That work is now done, and our house already feels so much more open, clean, and welcoming! There’s still work to do, here and there, and the never-ending chores of home ownership, but I feel so much more at peace in our house. Getting rid of some of the things that we no longer use has opened up room for our family to play and grow and be. Another upshot? I’ve found several uncompleted projects that I’ve started to complete – look for those to come up on the blog soon.

Now we just have to keep the house this way! We’ve agreed to spend a few minutes at the end of each day tidying up and putting everything back where it belongs, which is sometimes a feat with a busy little boy. Next on the list: sort out a routine and some habits to simplify our life and make sure that the important things get done while still leaving us time to raise our son, spend time as a couple, and create!

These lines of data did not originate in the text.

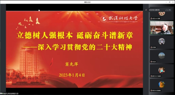 武科大网讯(通讯员李晓明 姜超)1月4日下午,校党委常委、纪委书记窦先萍在腾讯会议以《立德树人强根本,砥砺奋斗谱新章》为题,为外国语学院师生作党的二十大精神宣讲报告。外国语学院领导班子成员、各系部主任与支部书记、全体行政教辅人员、学生党员代表参加宣讲会,学院党委书记苏芳勇主持会议。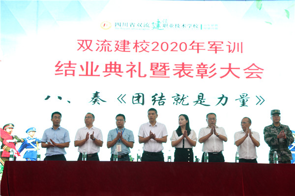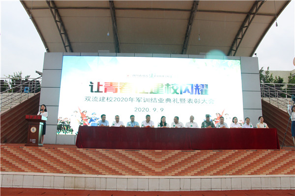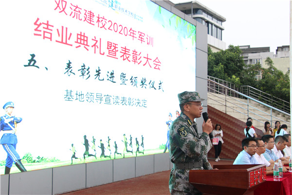 9月9日,双流建设职业技术学校(以下简称:双流建校)2020年全员军训结业典礼暨表彰大会在学校运动场隆重举行。成都市国防教育基地领导王杰,双流建校党支部书记、副校长周小研,党支部副书记辜松柏,教学副校长杨俊松等领导及全体师生和军训教官参加了典礼。典礼由学校团委书记陈嫱主持。
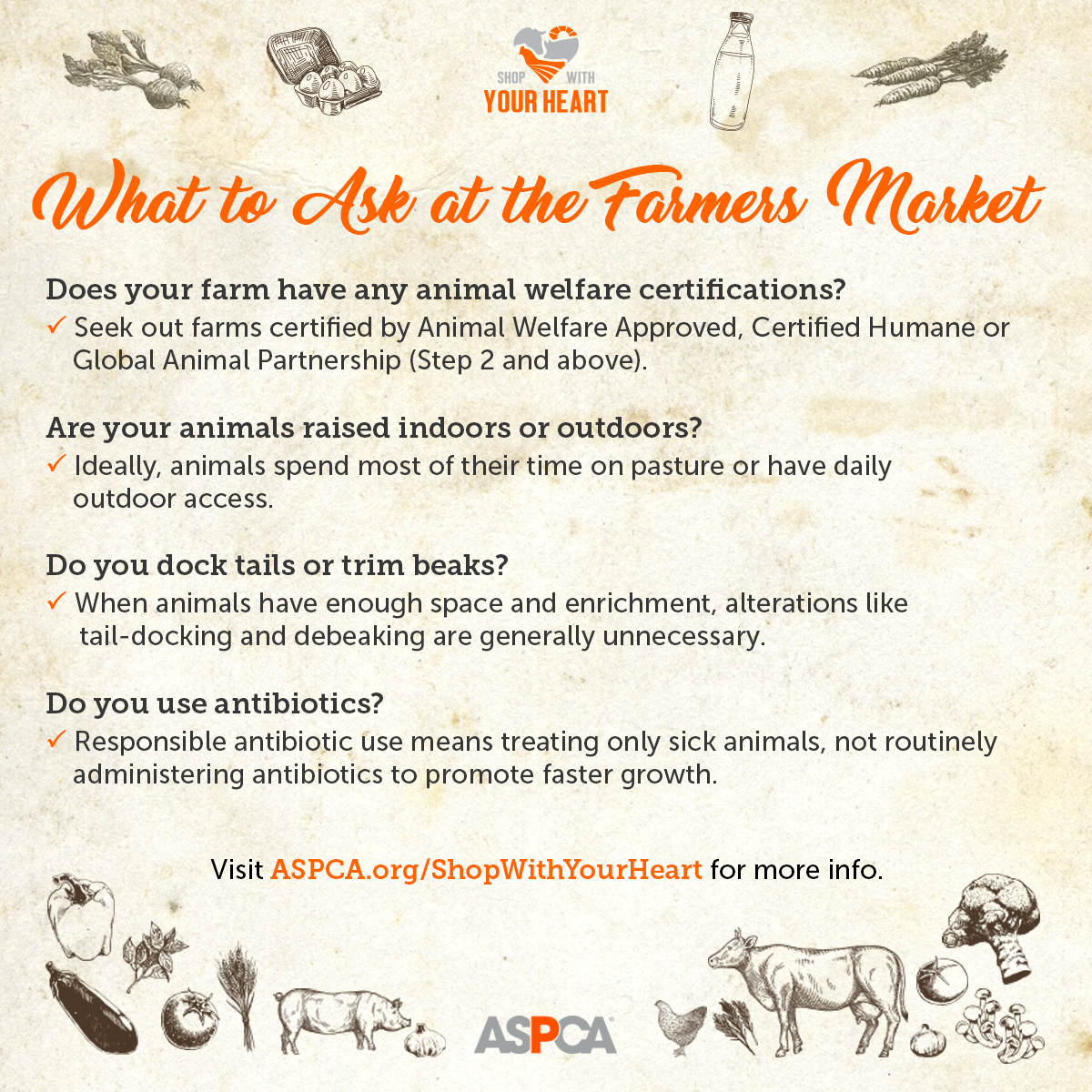 If you’re not sure where to start when talking to farmers at the market, we’re here to help. Check out our new video and resource guide, below, for fast tips on what you should look for to find higher-welfare meat, eggs and dairy at your local farmers market.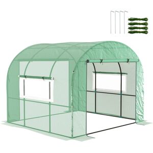 Description:Découvrez la serre de jardin Outsunny de 300 x 300 cm, idéale pour les petits espaces. Modulable, vous pouvez y ajouter des étagères pour organisation. Portes zippées, fenêtres en maille pour ventilation, et un cadre en acier avec housse protectrice contre les intempéries. Inclus piquets de terre et cordes pour stabilité.caractéristique:● Cette serre de jardin tunnel est dotée de portes enroulables et de fenêtres en maille : accès intérieur et permettent l'entrée d'air frais; ● Cadre en acier, avec sommet arqué pour réduire les affaissements; ● Couverture en plastique à trois couches de la serre tunnel de jardin pour protéger. Grille de renforcement médiane pour une durabilité accrue; ● Bords de couverture prolongés à enterrer dans le sol. Piquets de terre et cordes de tension pour une stabilité supplémentaire; ● Deux personnes recommandées pour le montage;Spécification:● Couleur : vert; ● Matériaux : acier, polyéthylène; ● Dim. totales : 300L x 300l x 200H cm; ● Dim. de la porte : 180l x 170H cm; ● Dim. de la fenêtre latérale : 125l x 50H cm; ● Largeur de la bordure : 10 cm; ● Coupe-vent : niveau 4 (vitesse du vent inférieure à 17,5 mph); ● Réf. : 845-958V02GN;contenu du colis:● 1 x Serre de Jardin; ● 4 x Piquet de Sol; ● 4 x Corde de Tension;

A Different Kind of Creativity

I need to find new ways to be creative, and that’s stretching me a bit.

Let me sum up:

 

We are now three (five if you count the cats), and have been for almost four months now. The time has absolutely flown by in a whirlwind of figuring out this small person (who shall be known as KRH) who has stolen our hearts.

As noted by the title of this post, this requires a certain amount of creativity, but a kind of creativity I’ve not used before. There’s the usual ‘try everything until we figure out why the baby’s crying’ creativity, but also a certain amount of flexibility is required to make our new family work, to give my husband and myself time to do the things that keep us sane and healthy, while making sure that KRH has everything that he needs to grow. Fortunately, we are really lucky that we have a supportive family and community backing us up.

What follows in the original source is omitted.